Instinctively, the mage realized what had occurred. The death of so many dragons, so many magical creatures, had severely torn the fabric of the Weave. Her own magical essence, which had been bound inextricably into the casting of this spell, has been ripped free of the mortal world along with the dragons her magic had slain. She was dead. Her body simply had not yet had the chance to grasp this reality.

As if from a distance, Chandrelle saw her form grow translucent and fade away into motes of golden light. Her dragon mount seemed dazed and confused by the sudden break in the magical bond they had shared. The creature veered wildly aside-directly into the path of a venerable silver dragon.

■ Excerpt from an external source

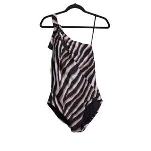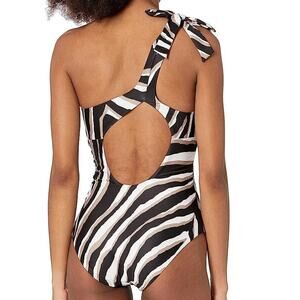 Trina Turk Standard Vivant Asymmetrical One Piece Swimsuit Animal Zebra 8 New

The crash of impact reverberated over the ruined land. The silver's elven rider was thrown off; the mage's limbs floated limply as he spun helplessly, unknowingly, down toward the uprushing ground. The pair of dragons grappled helplessly as they strove to release themselves from the tangle of wings and elven livery.

Too late they broke apart. Just as Chandrelle's dragon managed to spread her wings, the massive, jagged trunk of a pine thrust up through her body like a spear. The impaled dragon struggled briefly, then sagged down, a glint of tarnished gold against the charred landscape. The silver dragon pulled into a glide, but there was nowhere for him to go. Nearby the flames had flared up high and hot, stoked into a frenzy by the swirling winds. The dragon's brief and desperate flight ended in a thick bank of black smoke, and the sucking winds that swept him toward the crackling inferno beyond.

Vhoori Durothil, the High Councilor of Evermeet, listened in silence to the grim tidings brought from Sumbrar's tower.

A flight of dragons was wending its way northward across Faerun, laying waste to the land. Many elven settlements had fallen, either as prey to the dragons or to the ravening orcs and goblins that followed in their wake.